2020年1月第160号|5-1|あきない遠眼鏡(とおめがね)~越前屋(福井県)、おぬしも(・)悪よ、のう。|

関西電力幹部への賂(まいない)問題、実物の小判まで登場して、話題性は高まる一方だが、元検事総長ひきいる第三者委員会は七百人超を聞き取りした結果、問題の根深さに高浜原発以外にも調査を広げることとなり、年内の報告を断念したことが報じられた。(12月15日)

この件では別途、福井県の歴代幹部109人にも最高額20万円の金品が渡されていたことが報じられている。かたや1億円もの金を受け取った人もいる関電。最高額20万円という福井県。金額の開きが大きいと感じられる向きもいるかもしれないが、私は遠い昔のことを思い出していた。

昭和30年代、中学生だった私たちはよく悪さをしていた。自転車を連ねて10キロの道を悪童6人くらいで釣りに出掛け、途中で腹をすかすと獲物(梨、ブドウ)のありそうなところで、自転車を停めて、おやつを調達したりしていた。その際には悪事に気の進まぬ級友がいても、無理やり口に押し込んでいたものである。真面目な級友が後日、教師に「事の真相」を「実は…」と報告するのを防ぐためである。一口でも梨をかじった真面目くんに口を割られないように食べさせたというわけだ。

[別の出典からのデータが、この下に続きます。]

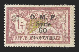 1111 og Yvert #55A ImageYvert #55A, 1920 50pi on 1Fr. Light red and olive, black fleuron overprint, o.g., h.r.'s, fine; signed Calves (Scott #71; $650.00). (Image) €900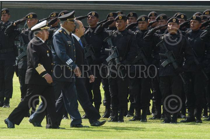 MÉXICO, D.F. 01DICIEMBRE2006.- Felipe Calderón Hinojosa, presidente de México; Mariano Saynez, Secretario de Marina y Guillermo Galván, Secretario de Defensa Nacional, durante los honores que las fuerzas armadas le hicieron al presidente de los Estados Unidos Mexicanos en el Campo militar Marte. FOTO: IVÁN STEPHENS/CUARTOSCURO.COM

この事件、結末は、口止め工作をしたまではよかったが、教室で「武勇伝」を周りの級友に話した奴がいたために教師の知るところとなり、一同数珠つなぎに職員室(昔は教務室といった)に引っ張られて一巻の終わり。

福井県の幹部への現金、商品券、小判、仕立券などの話に、若き日の悪行から連想して、まさに口止め料だなあと感じたわけだ。もらってしまったら真実はしゃべれなくなる。かといって突き返すのも…ちょっとなあというわけだ。

しかし発電所に関わらない幹部にまで配ったというこの口止め料だが、県民の安全、将来に関わることとなれば、口止めされた人を職員室に引っ張るだけでは終わらせず、癒着の本質にメスを入れてほしいと思っている。

それにしても農家のおじさん、ごめんなさい。